───── Supplied material ─────
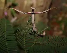 Archimantis latistyla,[1] commonly known as the large brown mantis (also known as the bunny mantis or Australian ghost hopper mantis) is a species of mantid native to Australia. The large brown mantis has two subspecies, a widespread subspecies and the stick mantis ghost from Bundabergs Turtle Sands. The stick mantis ghosts are not as aggressive as the widespread species but have a defense display used to make the mantis appear larger by flinging its front legs into the air and putting its head down along with its antennae. Large brown mantids are light brown with short winged female and a long winged male. The subspecies from Bundaberg is a pale cream white with a yellow and black eye in between the arms (one and a half times the size of the widespread subspecies). The large brown mantis female is short winged - her wings reach only half her abdomen and she is not able to flyโ but the long winged male has wings that cover the entire abdomen. They have two pairs of wings - the top pair are the wing covers and the bottom wings enable the mantis to fly.
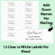 12 individually customizable laser cut, transparent address labels on clear self-adhesive stickers. These are slightly larger than return address labels so that they're sized correctly for addressing letters.
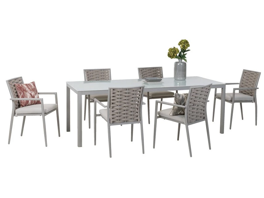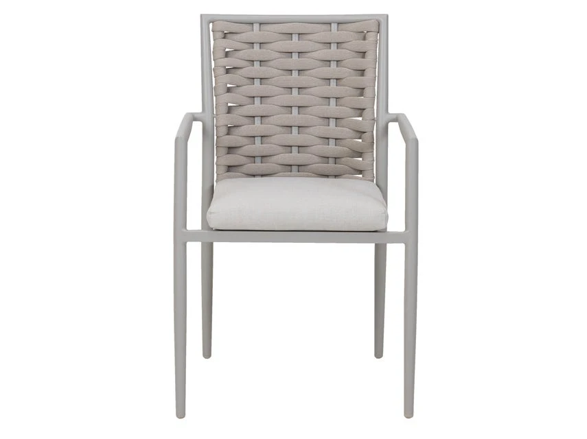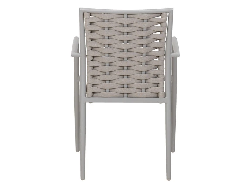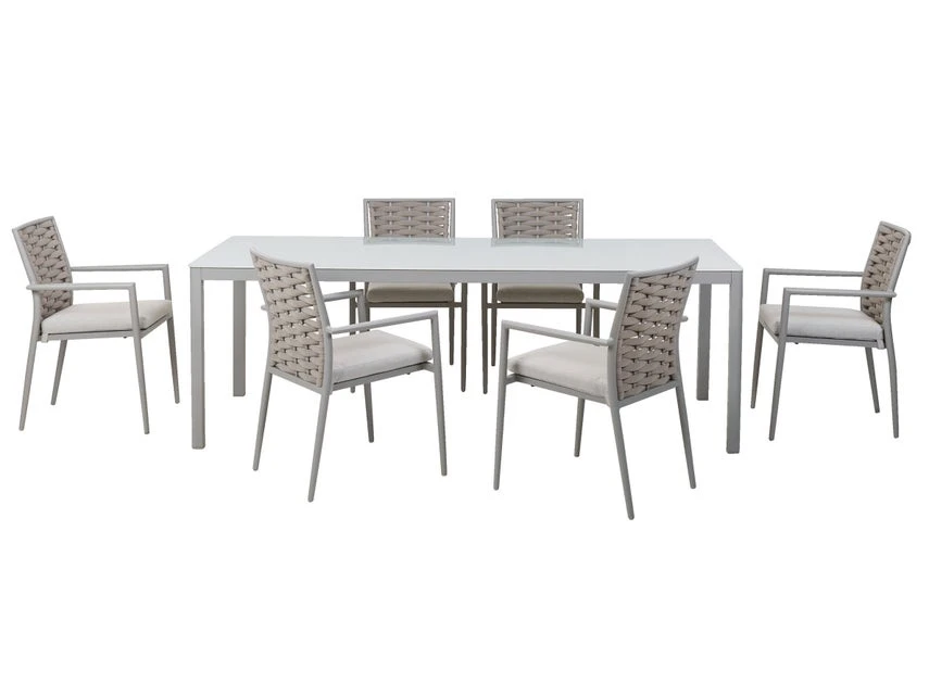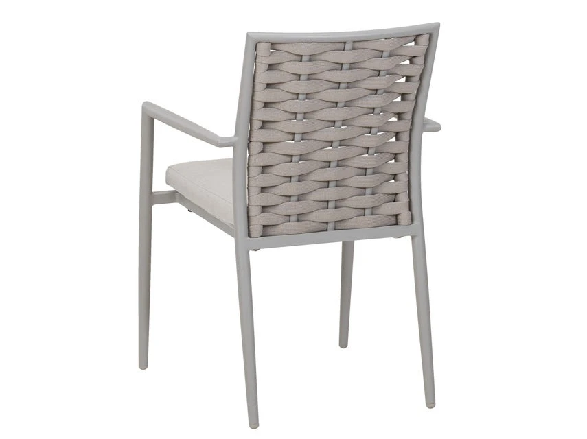 Das Gestell aus Aluminium mit Kunststoffgeflecht in Grau ummantelt wird inklusive Kissen in Polyester Anthrazit geliefert.
─────
=== What is expected ===
The data above must be written out again word for word, without its pictures.

=== Response ===
 Archimantis latistyla,[1] commonly known as the large brown mantis (also known as the bunny mantis or Australian ghost hopper mantis) is a species of mantid native to Australia. The large brown mantis has two subspecies, a widespread subspecies and the stick mantis ghost from Bundabergs Turtle Sands. The stick mantis ghosts are not as aggressive as the widespread species but have a defense display used to make the mantis appear larger by flinging its front legs into the air and putting its head down along with its antennae. Large brown mantids are light brown with short winged female and a long winged male. The subspecies from Bundaberg is a pale cream white with a yellow and black eye in between the arms (one and a half times the size of the widespread subspecies). The large brown mantis female is short winged - her wings reach only half her abdomen and she is not able to flyโ but the long winged male has wings that cover the entire abdomen. They have two pairs of wings - the top pair are the wing covers and the bottom wings enable the mantis to fly.
 12 individually customizable laser cut, transparent address labels on clear self-adhesive stickers. These are slightly larger than return address labels so that they're sized correctly for addressing letters.
 Das Gestell aus Aluminium mit Kunststoffgeflecht in Grau ummantelt wird inklusive Kissen in Polyester Anthrazit geliefert.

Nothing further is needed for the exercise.